A System That Failed to Protect

Here’s where this case exposes glaring failures in our immigration and employment verification systems. Diaz Vera reportedly entered the United States illegally in 2022 from Cuba. Yet somehow, he obtained the documentation necessary to drive for one of America’s largest rideshare companies.

This raises urgent questions that demand immediate answers. How did an illegal alien secure the valid Social Security number, driver’s license, and insurance that Lyft requires of all its drivers? What verification failures allowed this to happen?

The victim’s attorney confirmed Diaz Vera possessed a work permit despite his illegal entry and was awaiting a hearing for legal status at the time of his arrest. This reveals the dangerous loopholes in our current immigration system—loopholes that potentially put American citizens directly in harm’s way.

Justice Delayed

The victim’s chiropractor called police when Diaz Vera finally dropped her at the medical office. The assault occurred on February 4. Authorities arrested the suspect the following day in a supermarket parking lot.

Diaz Vera has entered a not guilty plea and currently sits in Metro Corrections on a $100,000 cash bond plus the ICE detainer. His case is expected to go before a grand jury in March. That means this victim—a mother of four who was simply trying to get medical care—must wait and relive her trauma through the legal process while her alleged attacker enjoys three meals a day on the taxpayer’s dime.

Corporate Responsibility

Lyft issued a carefully crafted statement calling the alleged behavior “reprehensible” and claiming the company has “permanently removed the driver from the Lyft platform.” The company says it is cooperating with law enforcement.

But corporate platitudes don’t answer the fundamental question: How did Lyft’s vetting process fail so catastrophically? The company’s own policies require a valid Social Security number—a document illegal aliens should not possess. Either those requirements are meaningless window dressing, or the document verification process is so inadequate it cannot detect fraudulent credentials.

The Broader Crisis

This case represents more than one woman’s horrific ordeal. It symbolizes the real-world consequences of lax immigration enforcement and inadequate employment verification systems. When illegal aliens can obtain work permits, driver’s licenses, and pass corporate background checks, every safeguard designed to protect American citizens becomes worthless.

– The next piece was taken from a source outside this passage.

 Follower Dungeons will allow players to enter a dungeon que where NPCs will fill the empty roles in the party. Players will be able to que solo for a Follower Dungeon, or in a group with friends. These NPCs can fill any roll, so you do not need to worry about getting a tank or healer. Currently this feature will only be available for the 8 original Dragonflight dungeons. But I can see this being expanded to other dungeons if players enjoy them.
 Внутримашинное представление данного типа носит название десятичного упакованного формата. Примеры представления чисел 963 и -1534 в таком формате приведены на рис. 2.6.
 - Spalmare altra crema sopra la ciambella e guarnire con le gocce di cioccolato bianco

The victim in this case did everything right. She used a major, supposedly vetted rideshare service rather than an unmarked vehicle. She trusted that Lyft’s screening process would keep her safe. That trust was shattered.

What Must Change

This attack demands immediate policy responses. First, rideshare companies must implement mandatory E-Verify checks for all drivers and face severe penalties for failures. Second, states must stop issuing driver’s licenses to illegal aliens, full stop. Third, work permits for illegal aliens awaiting asylum hearings must be revoked—entering illegally should disqualify applicants from employment authorization.

The Department of Homeland Security has not confirmed Diaz Vera’s immigration status, hiding behind bureaucratic procedures while a victim waits for answers. That silence is unacceptable. Americans deserve transparency about who is in their country, especially when those individuals stand accused of violent crimes.

The Human Cost

Behind the policy failures and corporate platitudes is a real woman—a mother of four who will carry the scars of this alleged attack for the rest of her life. She was targeted while seeking medical care, overpowered by someone who should never have been in this country, much less approved to transport vulnerable passengers.

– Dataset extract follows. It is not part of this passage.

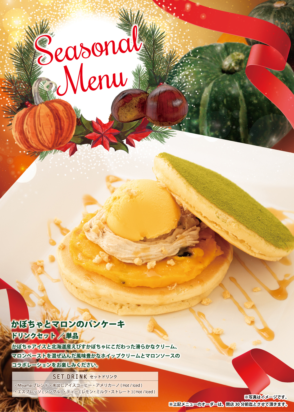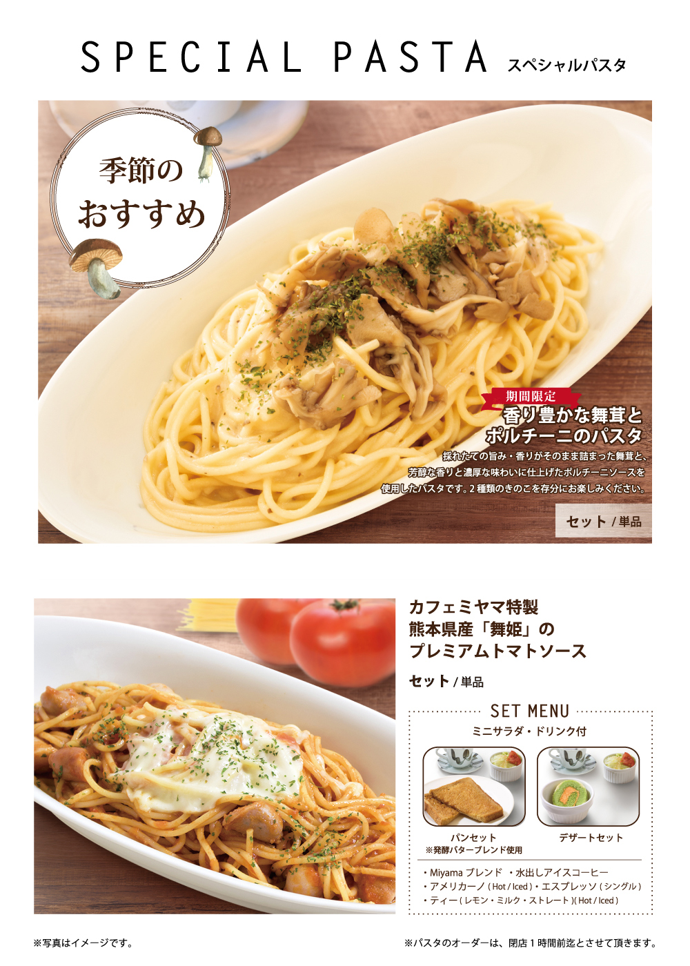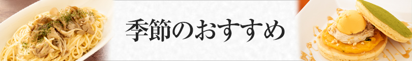 12月1日開始 期間限定おすすめメニュー 2018年12月1日 期間限定冬のおすすめメニュー 2018年12月1日(土)開始 香り豊かな舞茸とポルチーニのパスタ 採れたての旨み・香りがそのまま詰まった舞茸と、 芳醇な香りと濃厚な味わいに仕上げたポルチーニソースを 使用したパスタです。2種類のきのこを存分にお楽しみください。 かぼちゃとマロンのパンケーキ かぼちゃアイスと北海道産えびすかぼちゃにこだわった滑らかなクリーム、マロンペーストを混ぜ込んだ風味豊かなホイップクリームとマロンソースのコラボレーションをお楽しみください。

Her children must now cope with their mother’s trauma. Her sense of safety has been destroyed. All because our broken immigration system allowed someone to remain in the country illegally, obtain work authorization, and gain access to potential victims through a major corporation’s platform.

This is the hidden cost of open borders and lax enforcement that mainstream media refuses to honestly address. Real Americans suffer real consequences when illegal aliens are permitted to live and work among us without proper vetting and accountability.

The case proceeds to grand jury in March. Justice for this victim cannot come soon enough.